Line by line, repeat the material below exactly and leave the images out.

Available data>
══════════

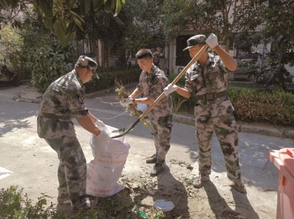 昨天,崇川区人民武装部组织民兵应急攻坚队伍支援学田街道文明城市长效管理攻坚行动。32名民兵分成5个小组,重点帮助社区清理草坪杂草、解决电瓶车乱排放等。 陆翔
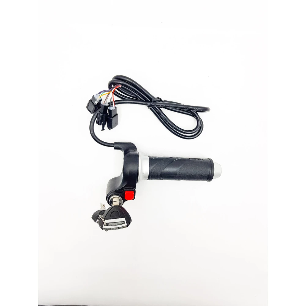 В комплекте: грипса (рукоятка), замок зажигания с ключем, кнопка переключения скорости, акселератор (газуля), шнур (кабель)
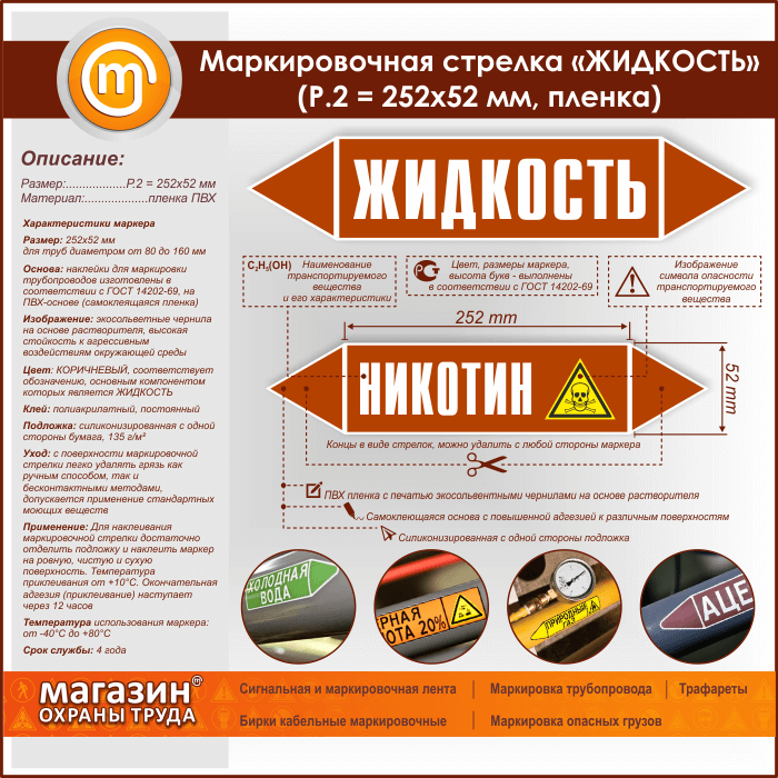 Маркировочная стрелка «ЖИДКОСТЬ» (P.2 = 252х52 мм, самоклеящаяся плёнка) в Омске купить

══════════

Solution to the problem>
 昨天,崇川区人民武装部组织民兵应急攻坚队伍支援学田街道文明城市长效管理攻坚行动。32名民兵分成5个小组,重点帮助社区清理草坪杂草、解决电瓶车乱排放等。 陆翔
 В комплекте: грипса (рукоятка), замок зажигания с ключем, кнопка переключения скорости, акселератор (газуля), шнур (кабель)
 Маркировочная стрелка «ЖИДКОСТЬ» (P.2 = 252х52 мм, самоклеящаяся плёнка) в Омске купить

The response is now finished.